Thanks in advance for the help. I'm totally lost.
a) To lie on a plane, any point must follow the equationx²+y²+z²=K.
In this case, K=1.
Square the coefficient of i, j, and k, then add them up to get x²+y²+z². The variable x is the factor for i, the variable y is the factor for j, and the variable z is the factor for k.
When we square the terms, we get sin²(t)cos²(t) + sin^4(t) + cos²(t).
Factoring sin²(t) out of the first two terms gives
sin²(t)(cos²(t)+sin²(t)) + cos²(t).
It is known that sin²(t)+cos²(t) is 1, and that reduces the first term to sin²(t) and then solves the equation.
b) Since we are only interested in the xy plane, the curve in this plane is r(t)=sin(t)cos(t)i + sin²(t)j.
To find a tangent line, we need the slope.
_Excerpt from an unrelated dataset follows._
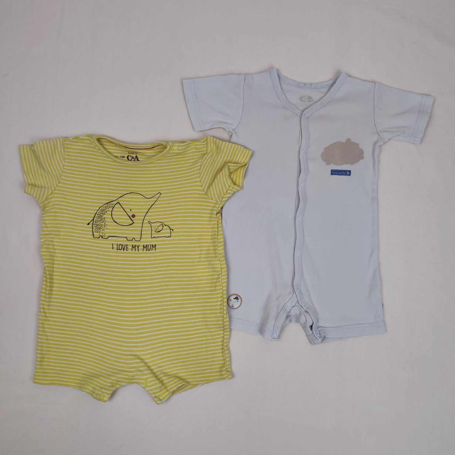Autres commentaires : Lot de 2 combicourts : – un jaune à rayures blanches C&A, motif éléphante et son éléphanteau, col rond, inscription « I love my mum ». – un bleu très pâle Tex, col v, inscription « Winnie the pooh ». Petit défaut : petite tache sur la manche gauche. Niveau réduit de Fraise à Myrtille.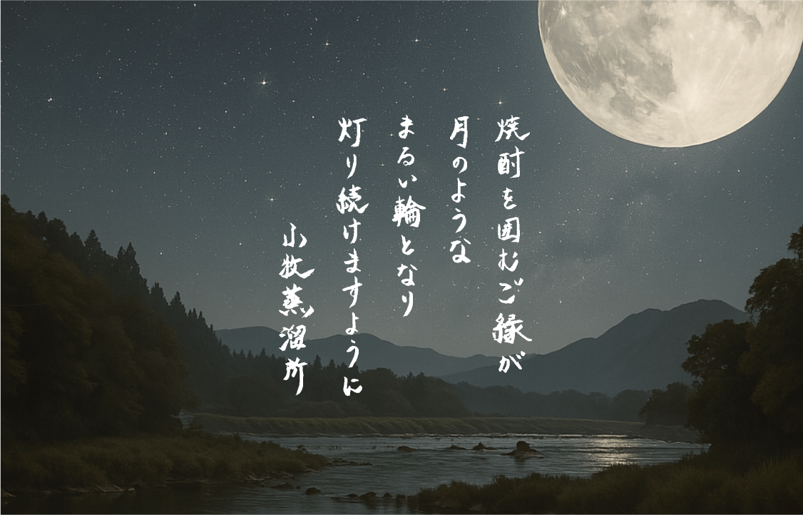 小牧醸造が位置する鹿児島県・さつま町の夜空、蔵の横をながれる川内川(せんだいがわ)に浮かぶ満月の景色とともに、小牧醸造代表の小牧一徳さんの直筆メッセージを添えています。

To get the slope, we need the derivative.
The derivative is [cos²(t)-sin²(t)]i + [2sin(t)cos(t)]j.
Putting t=π/6 in, we get cos(π/6)=1/2 and sin(π/6) = √3/2.
This means our derivative is (1/4-3/4)i + (2√3/4)j =(-1/2)i +(√3/2)j.
The slope is given by dy/dt, or, in this case, the j coefficient on the derivative over the i coefficient on the derivative.
You get (√3/2)/(-1/2) = -√3.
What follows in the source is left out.